**Task to complete**
Reproduce from the records below, with no pictures, exactly the lines between the one containing "本ツールでは、関連する作業群" and the one containing "Spring and autumn", inclusive.
::::::::::
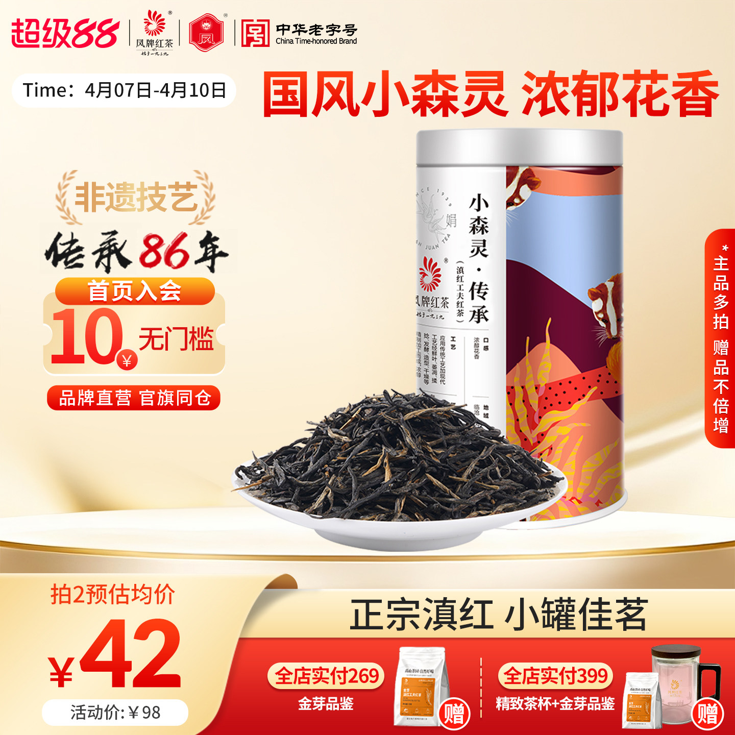 凤牌红茶正宗凤庆滇红茶一级工夫浓香云南小森灵传承50g罐装送礼
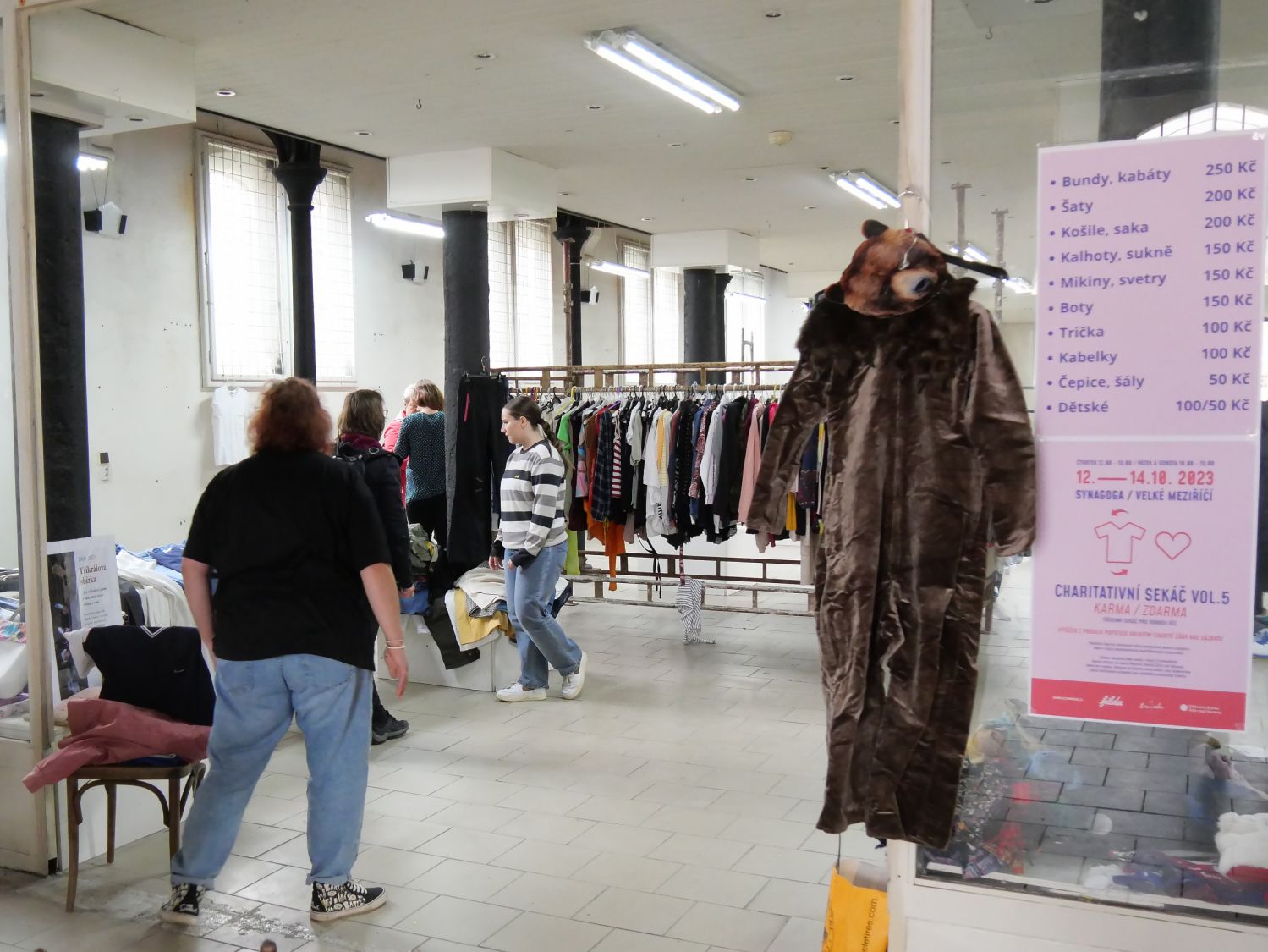 Šaty, košile, kalhoty, svetry, boty a mnohé další doplňky se vrátily do synagogy, ale jen do soboty 14. října. Právě v ní totiž probíhá charitativní sekáč. Otevřeno je ve čtvrtek do 19 hodin, v pátek a sobotu od 10 do 19 hodin.
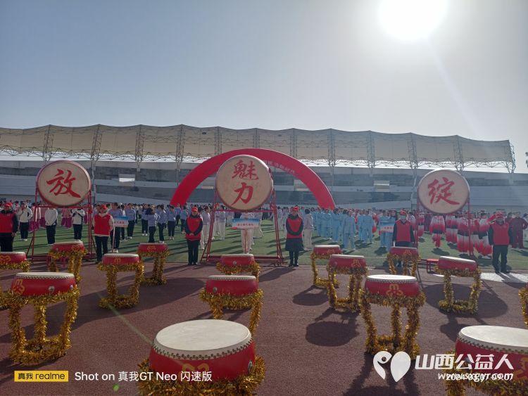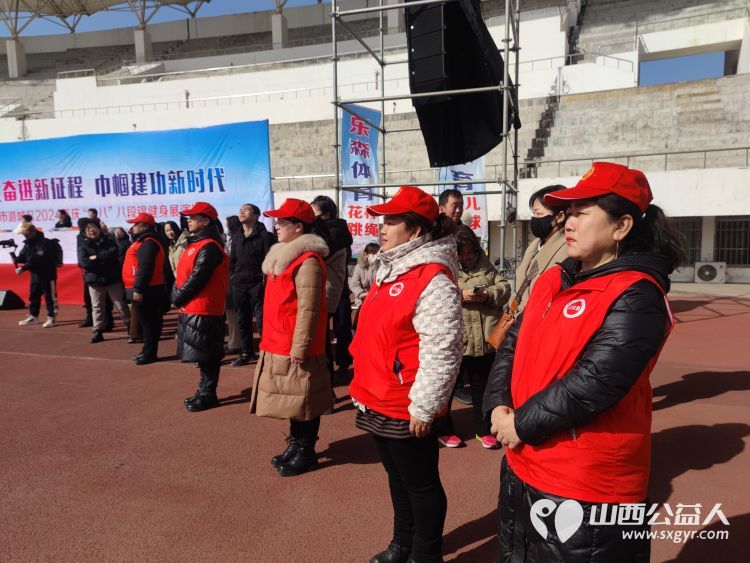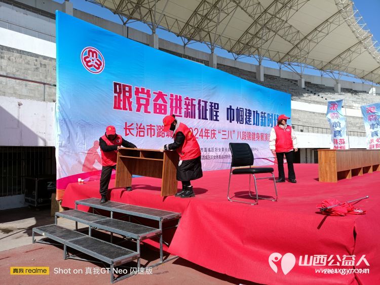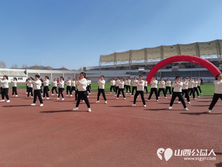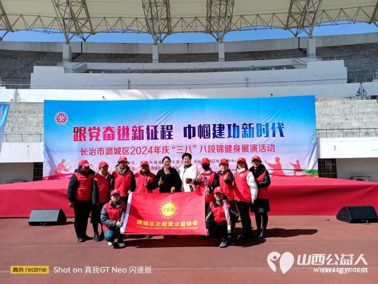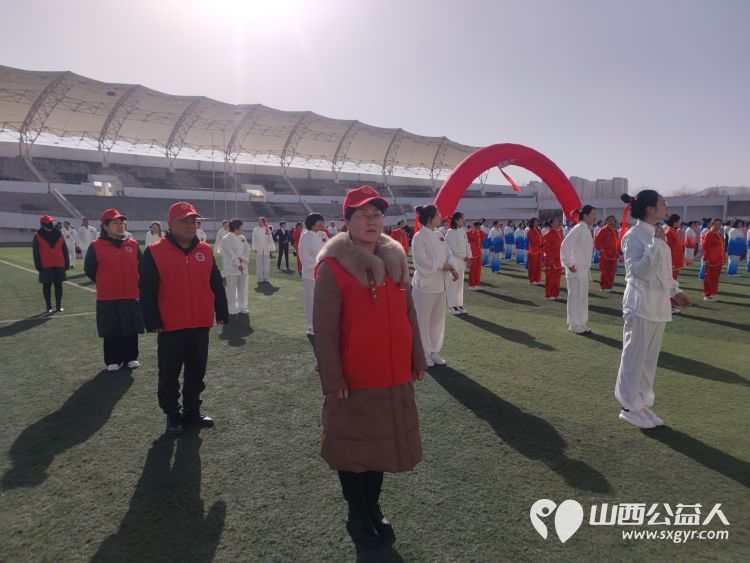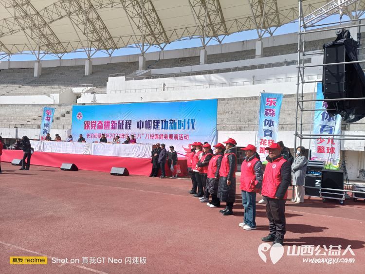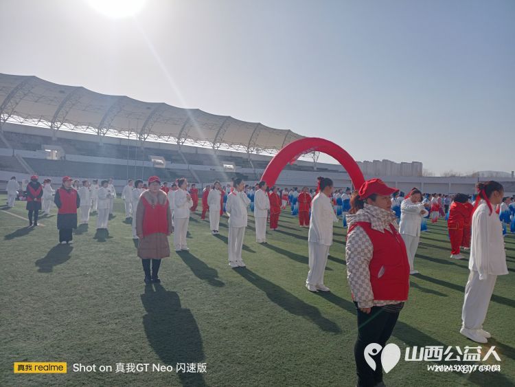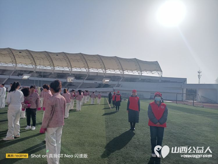 潞城区在体育场隆重开展庆祝“三八”八段锦健身展演活动正能量公益协会的志愿者们现场志愿服务
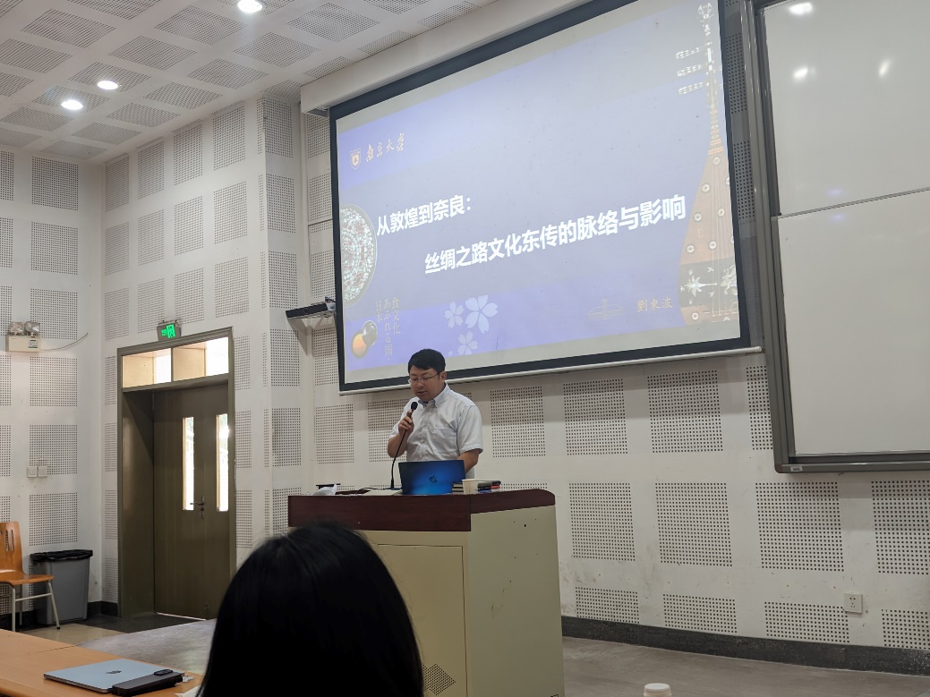 刘东波老师的讲座基于跨文化交流与传播的问题意识,以丝绸之路文化的东传为线索,介绍了日本近代学术界对敦煌文化的研究及其文学中的敦煌书写。刘老师指出,作为日本皇室宝库的正仓院珍藏有大量被誉为“大唐珍宝”的敦煌文物,是为中日古代文化交流的生动象征。不仅如此,日本自近代以来还曾掀起过三次敦煌热潮,为延续中日间自古以来的文化交流起到了不可磨灭的推动作用。
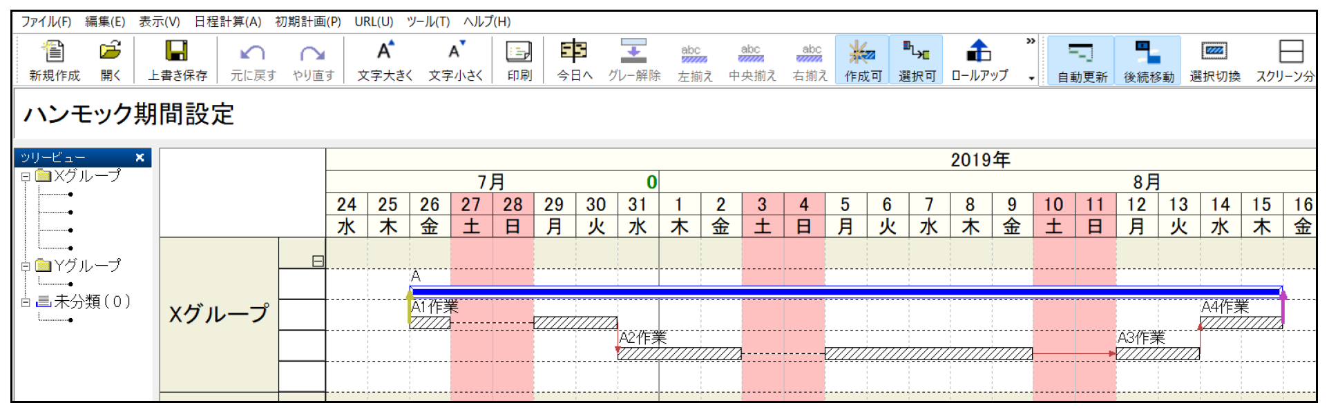 本ツールでは、関連する作業群の全体期間を表現する「ハンモックバー」を設定できます。
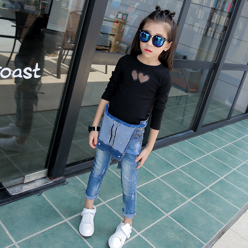 Spring and autumn girls' long-sleeved T-shirt tops pure cotton all-match thin section big children's bottoming shirt stickers slim Korean version black and white
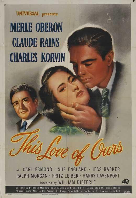 Como te quise te quiero 1945 0.00 (0 votos) Votar esta película Título originalThis Love of Ours Duración90 min. País DirectorWilliam Dieterle GuiónJohn D. Klorer, Leonard Lee, Bruce Manning. Obra: Luigi Pirandello RepartoMerle Oberon, Claude Rains, Charles Korvin, Carl Esmond, Sue England, Jess Baker, Helen Thimig, Harry Davenport, Dave Willock, Ralph Morgan, Howard Freeman, Fritz Leiber Jr GéneroDrama
::::::::::
**Solution for this problem**
 本ツールでは、関連する作業群の全体期間を表現する「ハンモックバー」を設定できます。
 Spring and autumn girls' long-sleeved T-shirt tops pure cotton all-match thin section big children's bottoming shirt stickers slim Korean version black and white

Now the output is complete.